# Dating A Seiko 7009-8028



## thorpey69

have just bought what looks to be a mint seiko ,the numbers on it are 7009-8028,is there a standard dating procedure on seikos or did they chop and change with model numbers randomly? thanks in advance


----------



## deano42

thorpey69 said:


> have just bought what looks to be a mint seiko ,the numbers on it are 7009-8028,is there a standard dating procedure on seikos or did they chop and change with model numbers randomly? thanks in advance


Have a look for a 6 or 7 digit number

The Seiko production calculator is based on the following criteria:

1. The first digit represents the year made

2. The second digit represents the month made

3. The remaining digits is the serial number

The only thing you have to do is know what decade that watch was made.

The following is an example of your watches:

1) 532294

Year made, could be 85 or 95 or 2005 (actually 2005 in this case)

Month made is March

2) 953254

Year made, could be 89 or 99

Month made is May

One other thing the months are

1 - Jan

2 - Feb

3 - Mar

4 - Apr

5 - May

6 - Jun

7 - Jul

8 - Aug

9 - Sep

O - Oct

N - Nov

D - Dec

Thanks

deano


----------



## pg tips

there should be a 6 digit number as well 1st 2 digits are the date code 1st digit is the year and second the month

ie 123456 would be 19?1 February

O N D are used for Oct Nov dec in the second digit.

The reason there is a ? is because it could be 61, 71, 81 etc you have to know what the production dates for the movement were or take an educated guess.

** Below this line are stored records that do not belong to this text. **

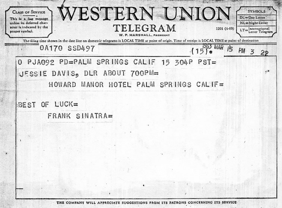 Davis sang in a variety of venues, but in 1967 he had a chance to audition for Las Vegas. “I had been performing at a large Supper Club Palm Springs called the Howard Manor,” he recalled. “A strangely dressed guy had wandered in during an afternoon rehearsal and told me, “I’m going to tell Jack about you.” I had no idea who he was talking about and mentally dismissed the comment. A week or so later, that same guy came back in to hear my show and, during a break, called me over to a wall phone and said “Here, talk to Jack.” It turned out to be Jack Entratter, the GM of the Sands Hotel and Casino. He was labeled as an owner, but I found out later that he was the GM… a powerful one.” Entratter scheduled an audition for Davis. “When I arrived I thought I would be auditioning for the manager of the Lounge. I found out maybe 15 minutes ahead of time that I would be auditioning in the huge Copa Room (Sinatra’s room), not only for Jack Entratter but also for Sinatra himself and Dean Martin’s wife! To say I was nervous doesn’t even go there… especially when I found out that they had forgotten to set up a microphone for me! But I forged ahead, thinking I had no shot of getting a gig under these circumstances and did a couple of songs. Sinatra then said to Jack (loud enough for me to hear him)… “What are you trying to do, burn the kid’s voice out? Give him a job! A Wow moment for me for sure,” Davis said, good naturedly. The audition led to many engagements at various casinos in Las Vegas, Reno, and Lake Tahoe. “Sinatra sent me a congratulations telegram on my opening night and also came in to see me on another night,” Davis said.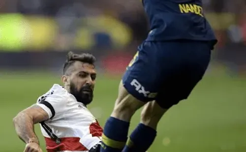 El de River fue al piso mientras que el uruguayo, con sus dos pies para adelante, intentó de que la pelota quede para su lado. ¡Con todo!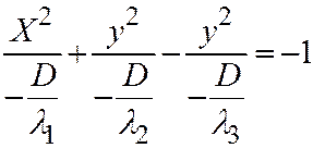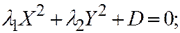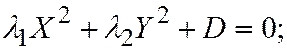 II) Если поверхность второго порядка, заданная общим уравнением (1) относительно ДПСК, является поверхностью II группы, то её простейшее уравнение может быть приведено к следующему виду: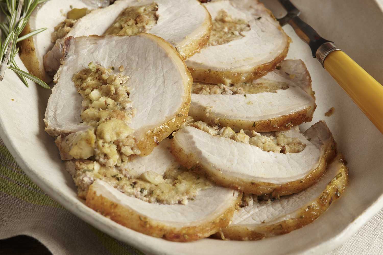 Spoon stuffing mixture onto cut-side of meat to within 1/2 inch of edge. Roll up, jelly roll fashion, starting at one short end. Place seam side down, in roasting pan sprayed with cooking spray.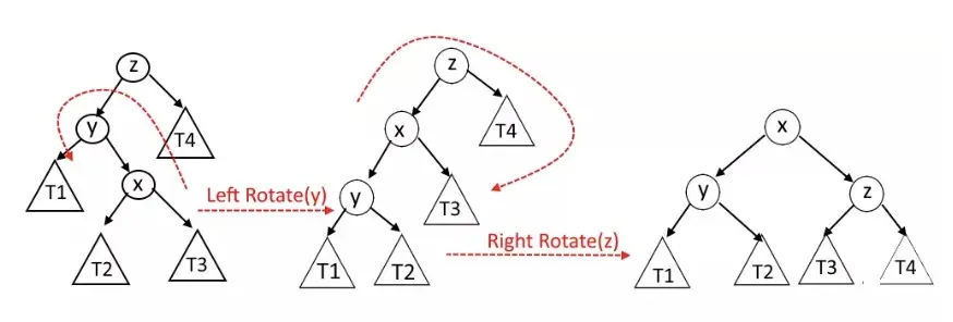 当 x 是 y 的右节点,而 y 又是 z 的左节点时,需要先把 y 左旋,变成 左左形态,然后再把 z 右旋。如下图: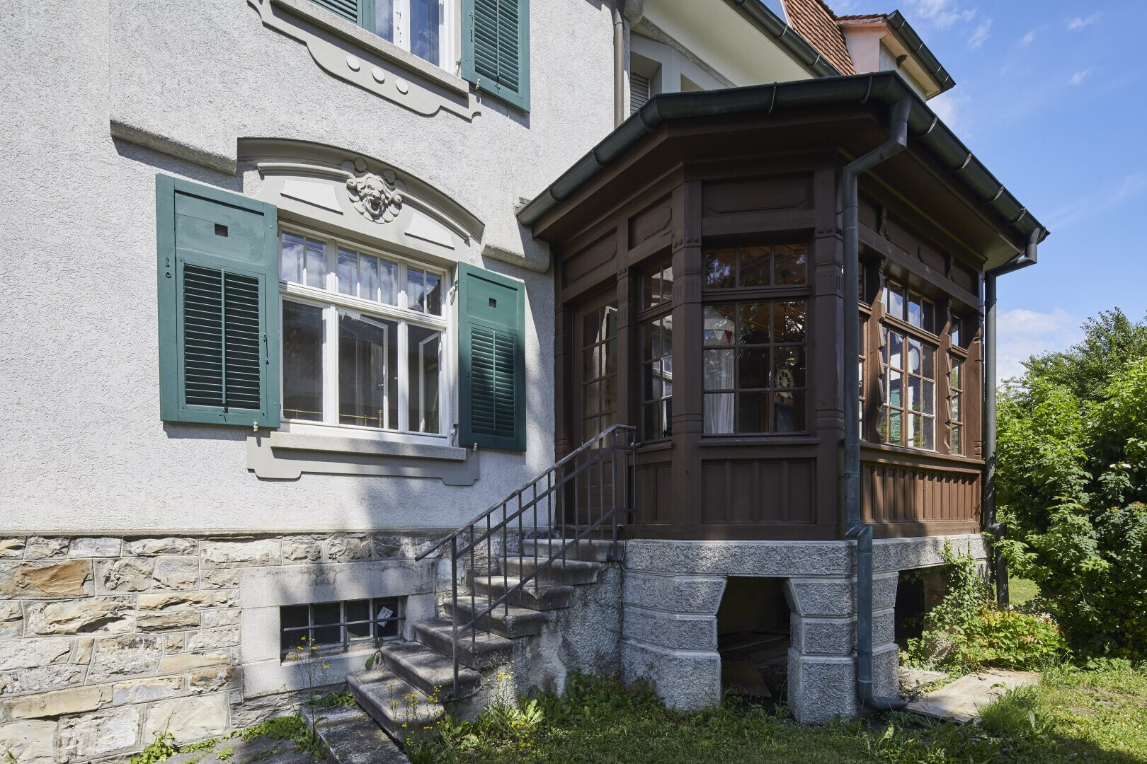 Der Naturstein-Sockel verleiht der Villa eine solide Basis, darüber präsentiert sich die Fassade glatt verputzt und elegant strukturiert. Die originalen Kastenfenster mit versprossten Oberlichten, Sandsteinrahmungen, Jalousieläden und markanten Sohlbänken erzählen vom architektonischen Feingefühl vergangener Zeiten. ✨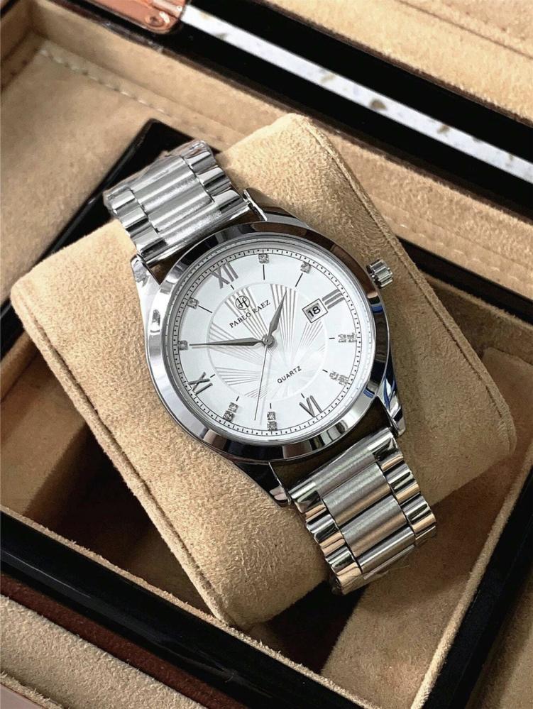 أضف لمسة من الفخامة والأناقة إلى إطلالتك مع هذه الساعة المميزة المصنوعة من الفولاذ المقاوم للصدأ. تتميز بميناء أبيض فاخر مزود بأرقام رومانية وأحجار لامعة تضفي لمسة راقية. يضم التصميم نافذة صغيرة لعرض التاريخ، مما يجعل الساعة عملية وجذابة في الوقت نفسه.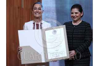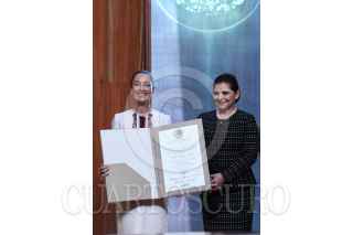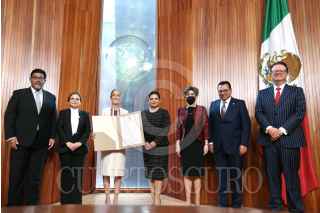 CIUDAD DE MÉXICO, 15AGOSTO2024.- Claudia Sheinbaum, Presidenta Electa de México, recibió la constancia de mayoría en las elecciones del pasado 2 de junio. El reconocimiento le fue entregado por Mónica Soto, magistrada presidenta del Tribunal Electoral del Poder Judicial de la Federación (TEPJF), en sesión solemne. FOTO: TEPJF/CUARTOSCURO.COM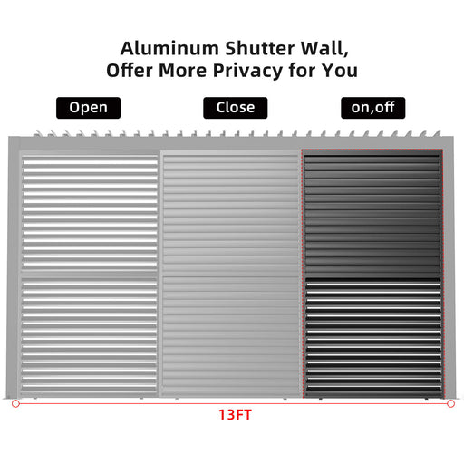 Spacious 13x10 Ft Canopy: Offers ample shaded space to comfortably fit a dining set or outdoor lounge furniture, perfect for entertaining 7–8 peop...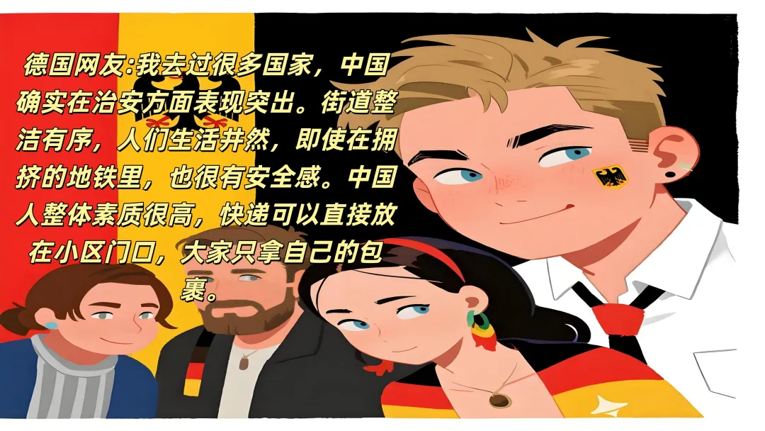 德国网友提供了更加客观的视角:“我去过很多国家,中国确实在治安方面表现突出。街道整洁有序,人们生活井然,即使在拥挤的地铁里,也很有安全感。中国人整体素质很高,快递可以直接放在小区门口,大家只拿自己的包裹。”这种社会信任度,在西方国家确实比较少见。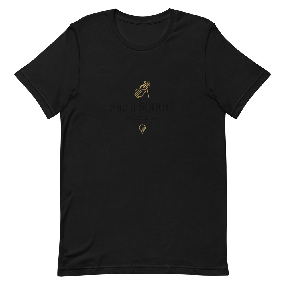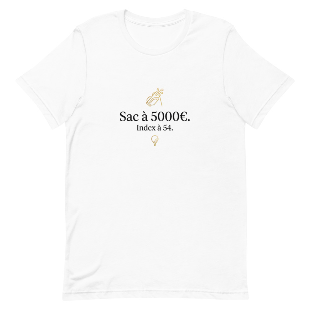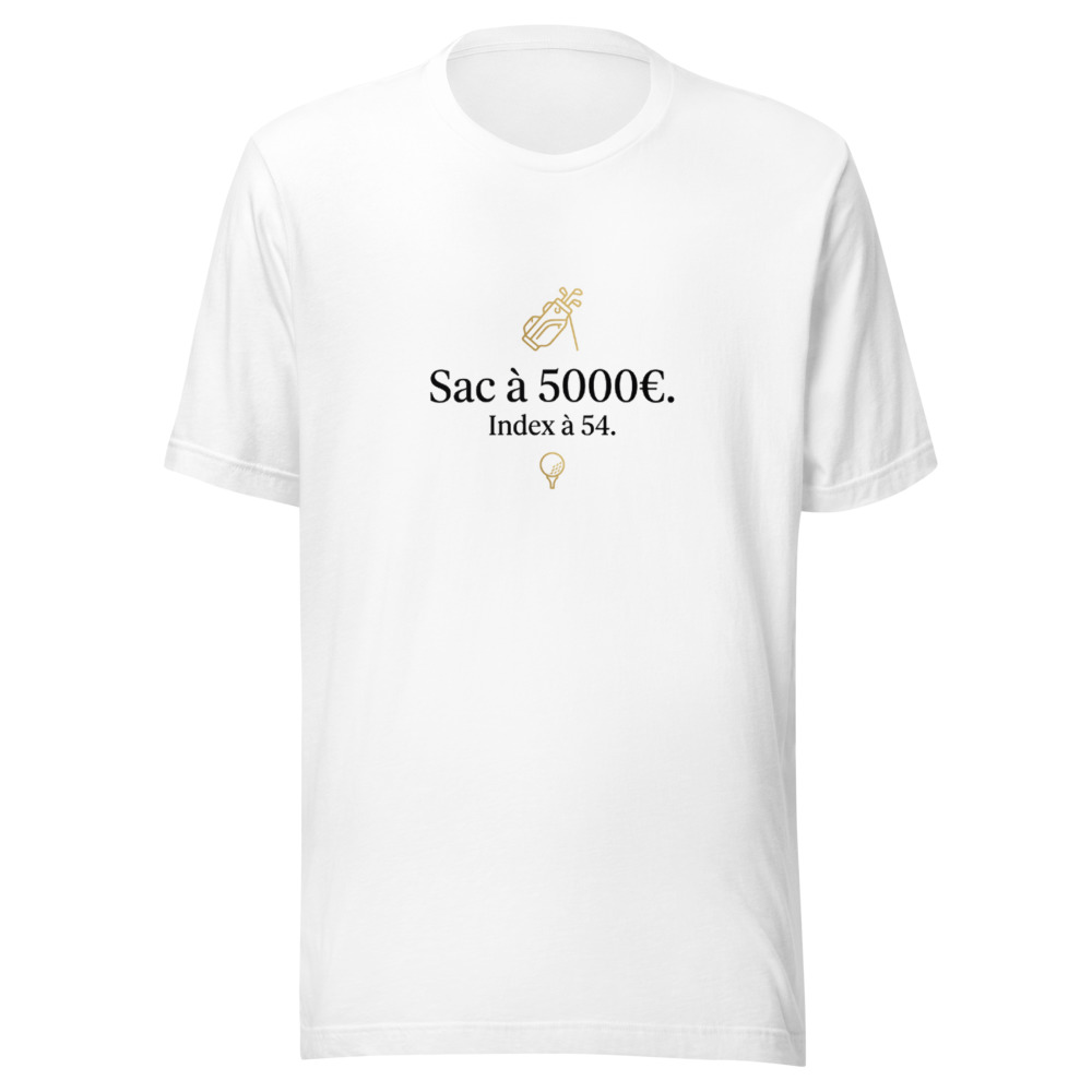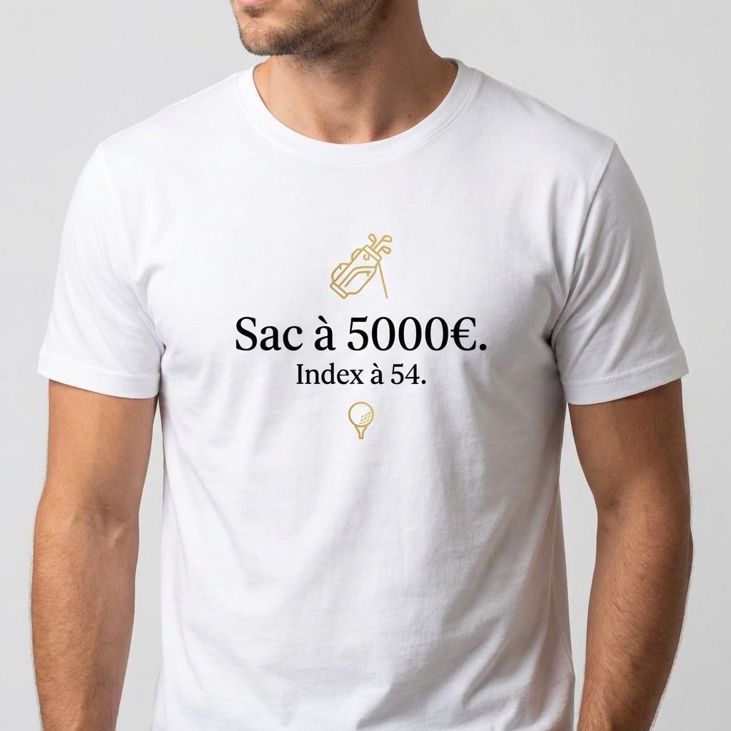 Vous connaissez ce golfeur qui arrive sur le parking du club avec la dernière série de fers TaylorMade, un putter Scotty Cameron à 500€ et un sac de luxe flambant neuf, mais qui gratte sa balle dès le trou n°1 ? Ce golfeur, c’est peut-être vous, et c’est totalement assumé ! Notre t-shirt ‘Sac à 5000€. Index à 54.’ célèbre l’amour du beau matériel de golf, même quand le handicap ne suit pas encore. C’est l’essence même de l’autodérision chic sur le fairway.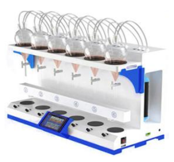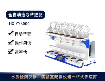 HX-YY6000全自動(dòng)液液萃取儀采用新封閉式靜音潔凈空氣內(nèi)循環(huán)震蕩原理,雙向氣液混合技術(shù),用于實(shí)驗(yàn)室水質(zhì)檢測(cè)水中油、揮發(fā)酚、陰離子等項(xiàng)目的液液萃取前處理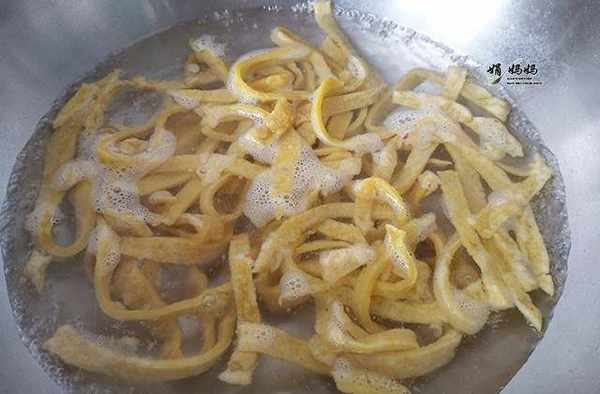 2、紅薯面餅攤過之後就已經是熟的瞭,丟入鍋中煮開就能撈出來吃啦。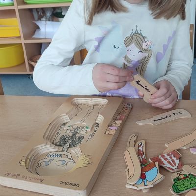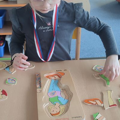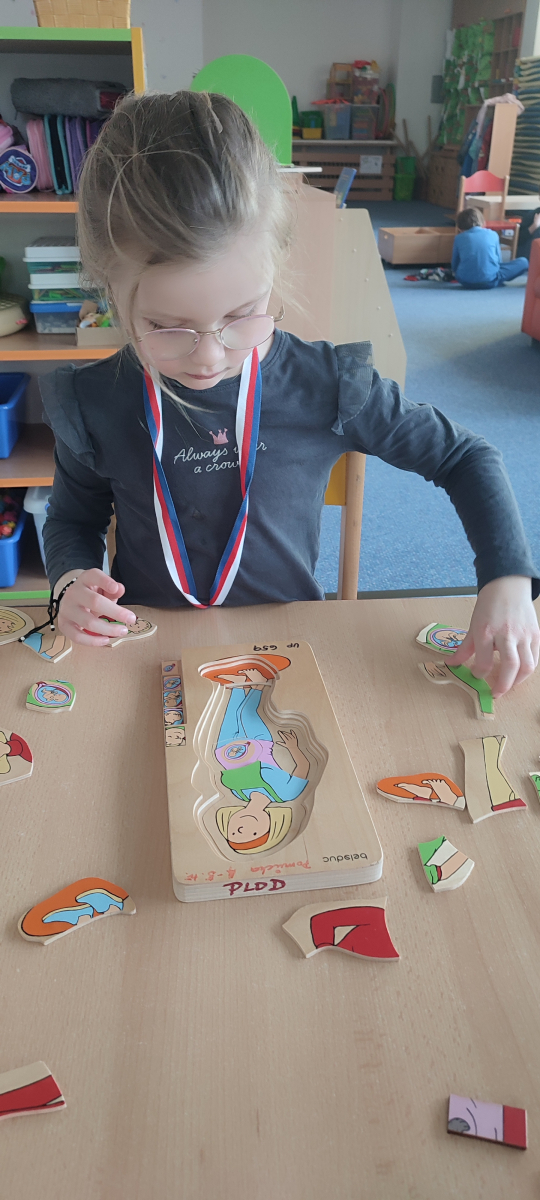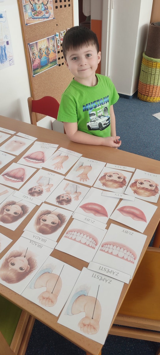 Tento týden jsme se hlouběji seznamovali s lidským tělem a s tím, jak o něj správně pečovat. Povídali jsme si o tom, že naše tělo netvoří jen svaly, kosti a orgány, které si dokážeme představit nebo je vidíme na obrázcích. Stejně důležité je také to, co na první pohled nevidíme – naše zdraví, energie a celková pohoda. Děti se tak přirozenou formou seznamovaly se základy zdravého životního stylu a učily se přemýšlet o tom, co našemu tělu prospívá.

Here is a link which will make things a bit clearer although the 7009 movement isn't in their list

http://www.ittc.ku.edu/~jgauch/watch/seiko.html


----------



## thorpey69

how long has the 7009 movement been in production or should i say from when?? thanks for the info so far very interesting


















heres the watch in question


----------



## pg tips

that does look clean thorpey, nice one, I've no idea of the production dates but looking at yours it looks early 80's to me?


----------



## thorpey69

thanks pg,hoping its as good in the flesh as in the pics,really like the clean no frills look of this watch.


----------



## Pjam

I've just got this one and if I understand correctly it was made in either 1971, 1981, 1991 or 2001. (serial number is 101244) movement is 7009 and case 8580-P. My guess is it's 1981 but am I right? or would 1991 be a better guess?


----------



## jasonm

No, I think you've probably got it right....


----------



## Pjam

Really got to love these Seiko 5's ................ I think they could become an obsession!!!


----------